Mutations responsible for attenuation of HAV have yet to be identified. Identification of mutations that attenuate HAV would be useful for vaccine development and evaluation, but only a few such studies have been performed thus far. Various mutations in the 5′ NCR did not attenuate HM175 virus for tamarins, suggesting that this region is not important for virulence (11, 23). In contrast, replacement of the 2C gene of the human attenuated HAV/7 strain with that from a virulent strain of simian origin (AGM27) partially reversed the attenuation and resulted in a virus that did cause significant hepatitis in tamarins, suggesting that a specific nonstructural gene could alter the virulence of this virus (22). In the present study, chimeras of the virulent HM175 virus and its attenuated derivative, HAV/7, were used to identify the viral genes responsible for the virulence of this virus in experimentally infected tamarins.

MATERIALS AND METHODS

Viruses.

Chimeric viral genomes were constructed from pWt and HAV/7 infectious cDNA clones by using standard molecular techniques as described previously (9). Nucleotides are numbered according to the wild-type sequence (3). The HAV/7 cDNA contained all the parental mutations with the exception of positions 7032 (silent) and 7430 (3′ NCR) which were wild type in HAV/7 but mutated in passage 32 and 35 virus (4). Infectious cDNA clones of wild-type HAV, strain HM175 (GenBank accession number M14707), and its attenuated derivative, HAV/7 (GenBank accession number M16632), were digested with restriction enzymes, or fragments were amplified from the cDNAs by PCR and appropriate gel-purified fragments were ligated to regenerate a full-length chimeric clone. In most cases, the SacI and EcoRI sites at positions 2993 and 4977, respectively, were used. The chimeric DNA clones were amplified in Escherichia coli and purified by cesium chloride density gradient centrifugation or Qiagen kits. The authenticity of all clones was confirmed by sequencing. Two mutations (at positions 4185 and 6522) were originally thought to be unique to HAV/7 (3), but due to microheterogeneity at these positions in the wild-type virus stock, both of these positions in the wild-type cDNA clone contain the nucleotide reported for the attenuated virus. In addition, clone 88Y had a unique silent mutation at 3332, which was introduced during cDNA cloning.

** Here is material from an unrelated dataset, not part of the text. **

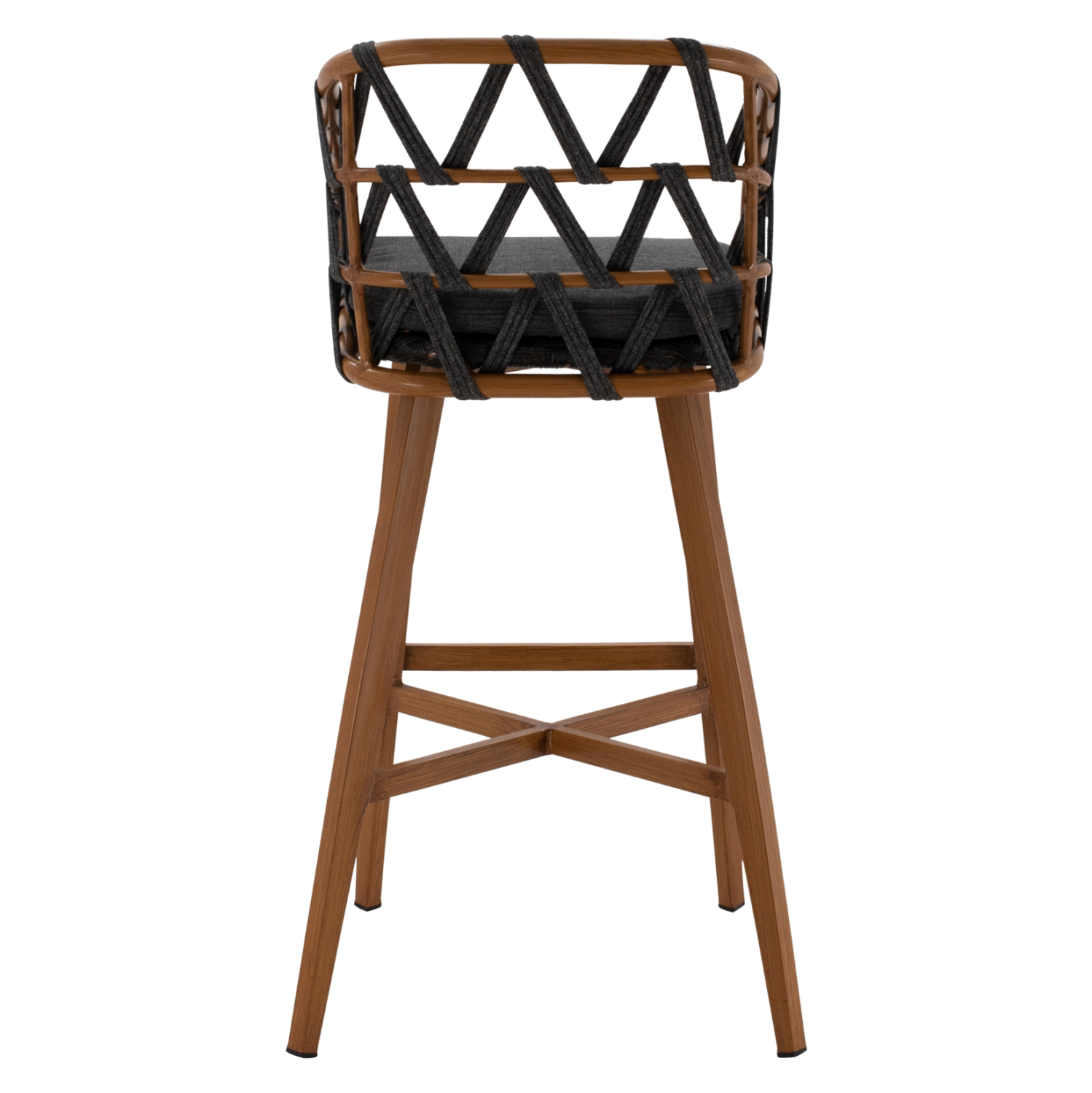 Η πλάτη του σκαμπό είναι επενδυμένη με σχοινί OLEFIN. Η ίνα olefin είναι μια συνθετική ίνα κατασκευασμένη από διάφορα πλαστικά υλικά. Το υλικό που είναι κατασκευασμένο από αυτή την ίνα είναι ισχυρό, δεν ξεβάφει, και είναι ανθεκτικό στην μούχλα, την τριβή και το ηλιακό φως, επειδή διαθέτει προστασία από την υπεριώδη ακτινοβολία που προστίθεται στη διαδικασία κατασκευής. Τα πιο σημαντικά χαρακτηριστικά, ωστόσο, είναι ότι είναι αδιάβροχο και ανθεκτικό στους λεκέδες (αλέκιαστο).

RNA genomes were transcribed from HaeII-linearized plasmids with Sp6 polymerase as previously described (9). In most cases, the RNA was transfected into cultured fetal rhesus kidney cells (11-1 subclone) by the DEAE-dextran method (9). Infection was monitored by immunofluorescence microscopy, and virus was harvested by trypsinization and freeze-thawing of cells. In order to minimize selection of mutations, the most-permissive cells available (11-1) were used and the virus was harvested as soon as 80% of the cells showed positive immunofluorescence. Harvest times varied between 15 and 65 days posttransfection. The RNA sequence could not be verified at this point because template cDNA was still present. The virus was quantified by slot blot hybridization of extracted viral RNA (11). Based on the ratio of genomes to radioimmune focus-forming units (10) of the HAV/7 virus, approximately 105 tissue culture infectious doses were inoculated intravenously into each tamarin. In a few cases, the RNA transcripts were transfected directly into the animal by intrahepatic inoculation as previously described (8).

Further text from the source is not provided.